Wednesday, December 1, 2010

The Most High Tech Shoe Drying System Ever

I am fortunate in that I work with technology and have access to the latest in wet cycling shoe drying systems.

Among several choices I have most recently been favouring the HP 10642 G2 rack with dual HP Proliant DL380 G5 servers, although pretty much any servers will do since they all make heat and include good fans to move it away. In terms of heat generation, the more servers in the rack the better. These particular servers take up 2 rack units (or one shoe width) and the cable management cages at the back can be converted into to the optional shoe drying compartment very easily. Let's look at some pictures of this super efficient shoe drying marvel!

Here's the front view:

As is often the case, the real magic happens behind the scenes.
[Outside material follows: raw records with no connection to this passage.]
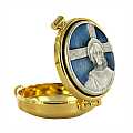 Teca in metallo dorato con smalto, modello Ecce Homo. Diametro 4 cm. Realizzata in Italia.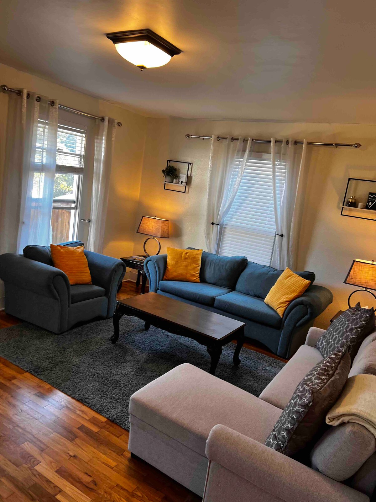 This fully furnished ground-level guest suite with expansive views is designed for comfort and ease, whether for short or extended stays. At 800 square feet, it features a clean, open-concept layout, thoughtful furnishings, and in-suite laundry facilities, which make settling in effortless. Two oversized sliding glass doors open to a deck with outdoor seating and Bay views that guests rave about. The living area features cozy seating, a smart TV on wheels for flexibility, and a workspace setup.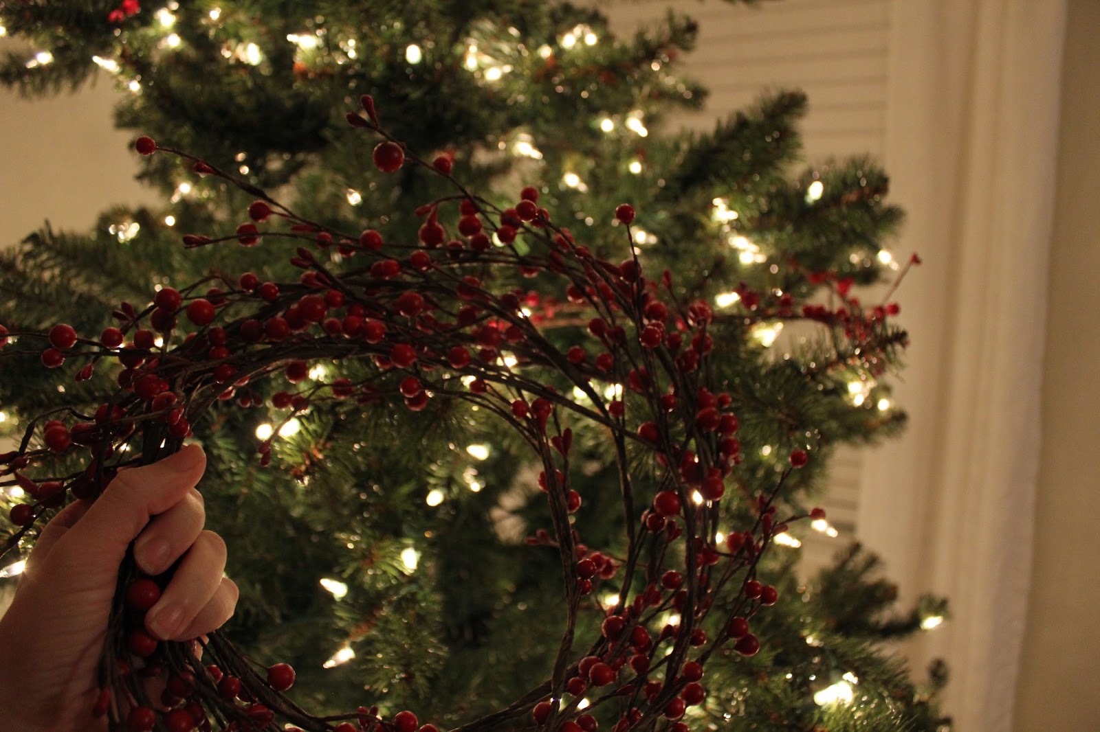 A Tree Is Decorated With Lights And Berry Garland Sits In An Old

Here's a view of the rack from the back:

My apologies... "cable management cage things" should read "Ambidextrous snap-on cable management arm and quick release levers". Sorry. Anyway, here's how it works:

See? I get to work with some pretty advanced shoe-drying equipment.
I do not recommend infiltrating the computer rooms at your workplace and doing something like this on your own. Somebody will probably flip out on you. Ask somebody who is allowed access and is familiar with how it all works, however, and they may well be happy to help you out. Server racks are also ideal for drying wet clothing, but I have always found soaked shoes to be the bigger challenge.

Yer Pal, R A N T W I C K

PS - If you are thinking, "Holy Nerd!" at this moment, might I direct you to the source of my footprint graphic, a web site from a local Comp Sci professor named Stephen M. Watt from the University of Western Ontario?

I have no doubt whatsoever that this dude operates on an intellectual level well above, um, mine. I can also state with some confidence that he is a bigger nerd than I am. A bigger, more successful, smarter nerd that I envy, but a bigger nerd nonetheless.

PPS - I did not take Comp Sci at any time during my academic endeavours and I discovered this local guy's page while simply searching for images of footprints. Go and figger!


Apertome said...

Won't somebody please think of the servers? It pains me to see this!

RANTWICK said...

Hey man, I love my servers! They can still breathe just fine and the room is kept nice and chilly.

Just the same, I do regret causing you pain.

A Bike in Baltimore said...

Used to work with computers many moons ago and I can honestly say I never thought to use them as a clothes drier. Awesome.

John Romeo Alpha said...

If they have those push-button cup holder thingies on the front, you can stick your hot chocolate there while waiting for your shoes to dry.

Anonymous said...

So next time our systems crash I'm going to know why. IT can say what they want, but I'll know better!

Steve A said...

Of course, you'd see something like this from someone who likes to ride around in lightning storms. Perhaps he needs some counseling for his fascination with potential electrocution situations. What's next, current to the rivets of a Brooks saddle because it helps keep the cadence up?

Big Oak said...

Does anyone ever complain about that mysterious foot odor emanating from the direction of the servers?

Alex said...

Lol I thought I was the only one who did this... Well not with shoes since I couldn't figure out a good way of holding them in place, but many times for socks. We have a computer cluster, so I can put the socks in there and then load up a CPU intensive task.

RANTWICK said...

Alex - This is the first time I've ever put shoes in there. I've never thought of increasing the CPU load on the server... my stuff has all day to dry, plus Apertome might hunt me down.

GreenComotion said...

Watt graduated from Waterloo Comp Sci. Must be quite the nerd, especially working on Computer Algebra.

Nice link and nice shoe drying trick!

Peace :)

cafiend said...

I'll have to post pictures of the refrigeration compressors in the basement we share with the natural food store in our building. They make a great clothes dryer.